The consent for Mashelkar proposals on r-Pharma drugs could possibly see a renewed interest by venture capitalists, according to Nitin Deshmukh, member executive council Association for Biotechnology Led Entrepreneurs (ABLE) and Head, Private Equity, Kotak Mahindra Bank.
VC funds for the biotechnology sector have received a lukewarm response all these years. This is because of two factors. One is the apprehension about the viability of the projects and the other is the delay in approval processes of the Regulatory Reforms for the Recombinant Pharma Products.
"With the landmark approval granted by MoFE, we should be able to see increased VC funding in the sector," Deshmukh stated.
The execution of the new arrangement for r-Pharma drugs that will come into force from April 1, 2006 will augment the international know-how of Indian bio-pharma companies to develop and commercialize recombinant pharma products in a way that eliminates arduous procedures that stalled the approvals for companies.
The current trend indicates that biotech-pharma companies are not moving so much for VC funds. This is because capital markets are on a positive note and private equity funds are getting preferential allotments in listed company stocks. Therefore companies for their expansion plans are investing across sectors like infrastructure, banking financial services and sugar which are traditional domains showing promising returns, informed Deshmukh.
Earlier, companies seeking environmental clearances associated with genetically modified food/crops/pharmaceuticals, faced long drawn and cumbersome procedures because of 'Rules for the Manufacture, Use, Import, And Export And Storage Of Hazardous Micro Organisms Genetically Engineered Organisms or Cells, 1989', framed under the provisions of the Environment (Protection) Act, 1986.
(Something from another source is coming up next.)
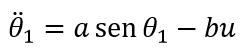 En donde las constantes a, b y c, dependen de los parámetros físicos del sistema, tales como las masas, inercias, longitudes, parámetros del motor, etc. La señal de control . se establece como un valor proporcional a la corriente aplicada al motor. No se incluye la fricción en los ejes de rotación, ya que normalmente es muy baja y puede despreciarse para simplificar el modelo. La rueda de inercia es simétrica con respecto a su eje y por tanto el valor del ángulo θ2 no tiene efecto sobre la dinámica del sistema o sus condiciones de equilibrio. Este hecho permite proponer un modelo de estados de orden tres con las variables x1= θ1 (ángulo del péndulo), x2= θ ̇1 (velocidad angular del péndulo) y x3= θ ̇2 (velocidad angular de la rueda). Al derivar estas variables y usando (1) y (2) se obtiene el modelo no lineal de estados para el péndulo con rueda de reacción:
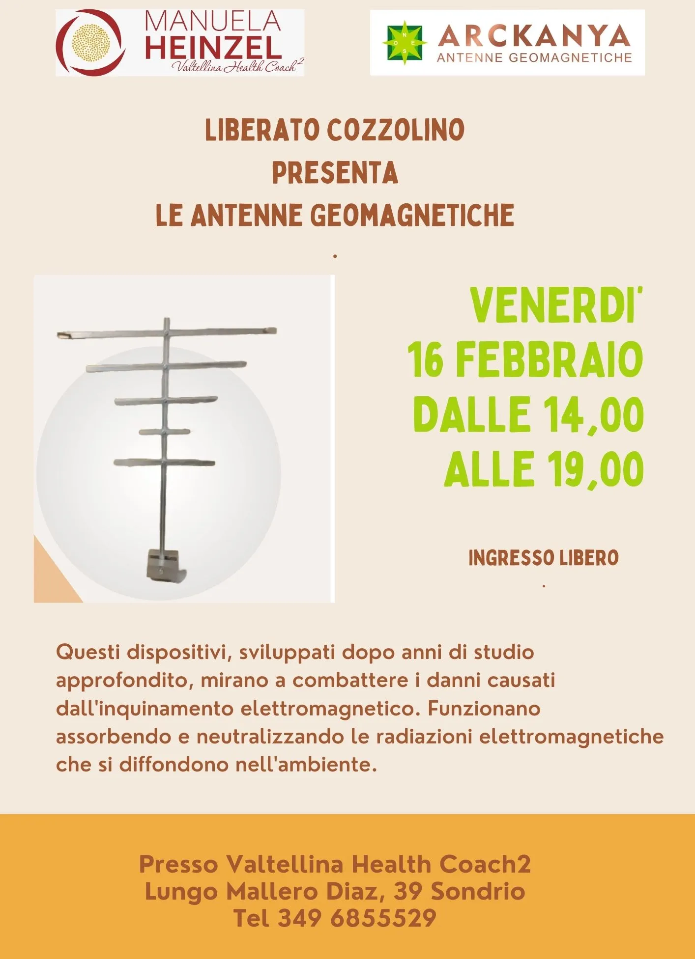 Bibo Cozzolino del gruppo Save my Earth, il 16 febbraio dalle 14 alle 19 presenterà a Sondrio un rivoluzionario strumento: l'antenna geomagnetica.

To streamline the regulatory process in respect of the r-Pharma Sector, the MoEF had constituted a Task Force on Recombinant Pharma Sector under the Chairmanship of Dr R A Mashelkar, DG, CSIR with a vide OM No 12/7/2004-CS dated 20.4.2004. The mandate of the Task Force was to review the current framework and recommend a transparent and streamlined regulatory mechanism and process for the use of living Modified Organisms (LMOs) in the pharmaceutical industry during the various stages of R & D, testing, manufacture and import of LMOs as drugs.